A quadratic function can be used to model real-life situations such as projectile motion or profit maximization in business.

Step-by-step explanation:

A quadratic function written in standard form, y = ax^2 + bx + c, can model various real-life situations. Here are two possible examples:

1. Projectile motion: When an object is thrown or launched into the air, its path can be modeled by a quadratic function. The height of the object (y-coordinate) over time (x-coordinate) follows a quadratic relationship because of gravity.
2. Profit maximization: In business, the profit earned by selling a certain quantity of products can often be represented by a quadratic function. The quantity sold (x) affects the profit (y), and the relationship can be modeled using the standard form of a quadratic function.

Answer 2

Two possible real life situations are: shooting a cannon and hitting a golf ball. In both cases, variable x-variable will represent time (the time after the cannonball was shot and the time after the golf ball was hit), and the y-variable will represent the height of the cannonball and the golf ball.

In both cases, the point (0,0) is included.

Let's suppose that the maximum height reached by the golf ball is 20 ft and it takes 3 seconds to reach that height. The ball will reach the soil after another 3 seconds, making a total of 3 + 3 = 6 seconds. Therefore, the points (3, 20) and (6, 0) will be on the parabola too.

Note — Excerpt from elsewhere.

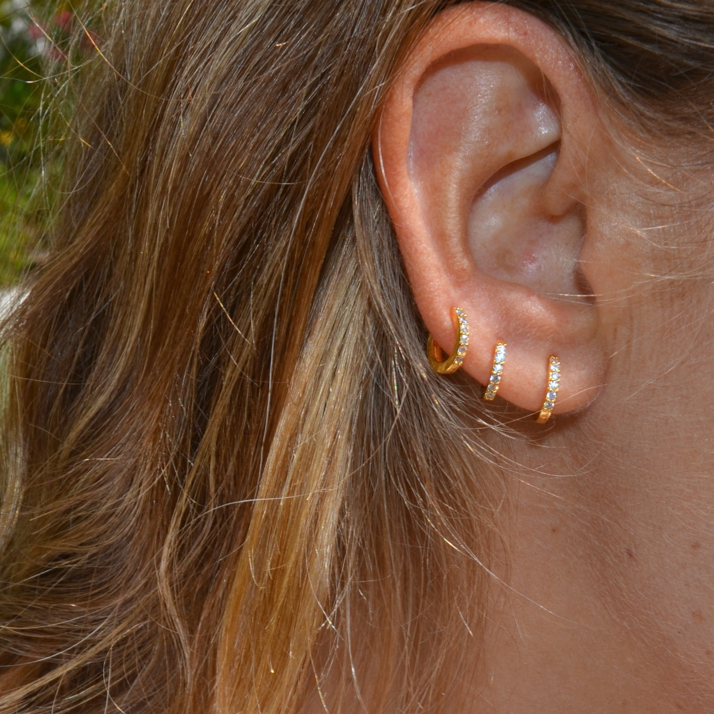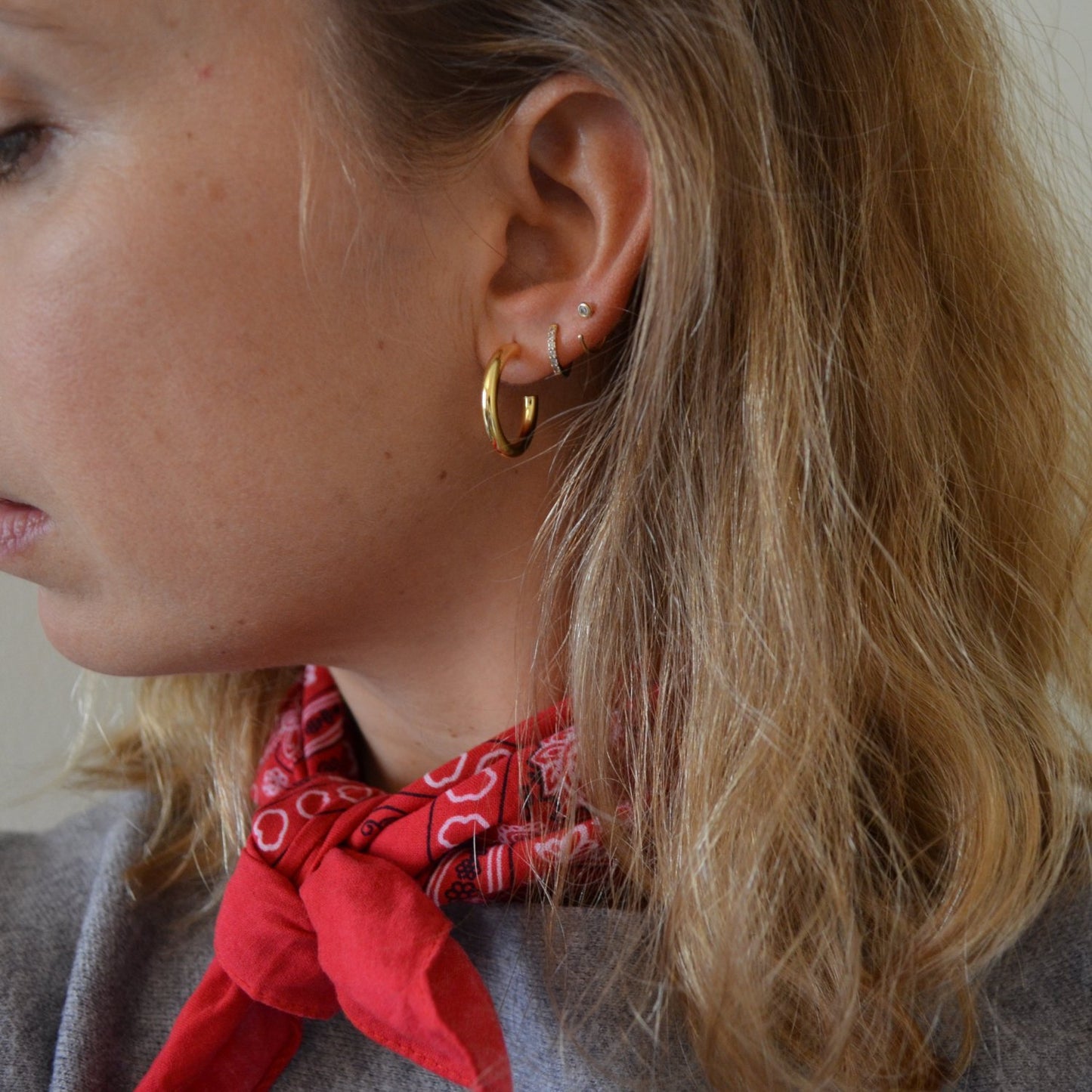 These small hoops are a basic, comfortable and instantly flattering because they bring light to the face . They also go great with all of our earrings and earrings , in case you have several holes and want to make a mix.

`\begin{gathered} y=ax^2+bx+c \\ 0=a\cdot0^2+b\cdot0+c \\ 0=c \\ 20=a\cdot3^2+b\cdot3 \\ 20=9a+3b\text{ (eq. 1)} \\ 0=a\cdot6^2+b\cdot6 \\ 0=36a^{}+6b\text{ (eq. 2)} \end{gathered}`

Multiplying equation 1 by 2 and subtracting equation 2 to that result, we get:

2*20 = 2(9a + 3b)

40 = 18a + 6b

40 = 18a + 6b

-

0 = 36a + 6b

------------------------

40 = -18a

40/(-18) = a

-20/9 = a

And the value of b is:

40 = 18(-20/9) + 6b

40 = -40+ 6b

40 + 40 = 6b

80/6 = b

40/3 = b

And the equation is:

`y=-(20)/(9)x^2+(40)/(3)x`

This formula has the form:

`y=-(h)/(t^2)x^2+(2h)/(t)x`

where the point (t, h) is the vertex of the parabola. So, in the case of the cannonball, let's suppose that the maximum height is 40 ft and it takes 5 seconds to reach that height. Then the equation will be:

`\begin{gathered} y=-(40)/(5^2)x^2+(2\cdot40)/(5)x \\ y=-(8)/(5)x^2+16x \end{gathered}`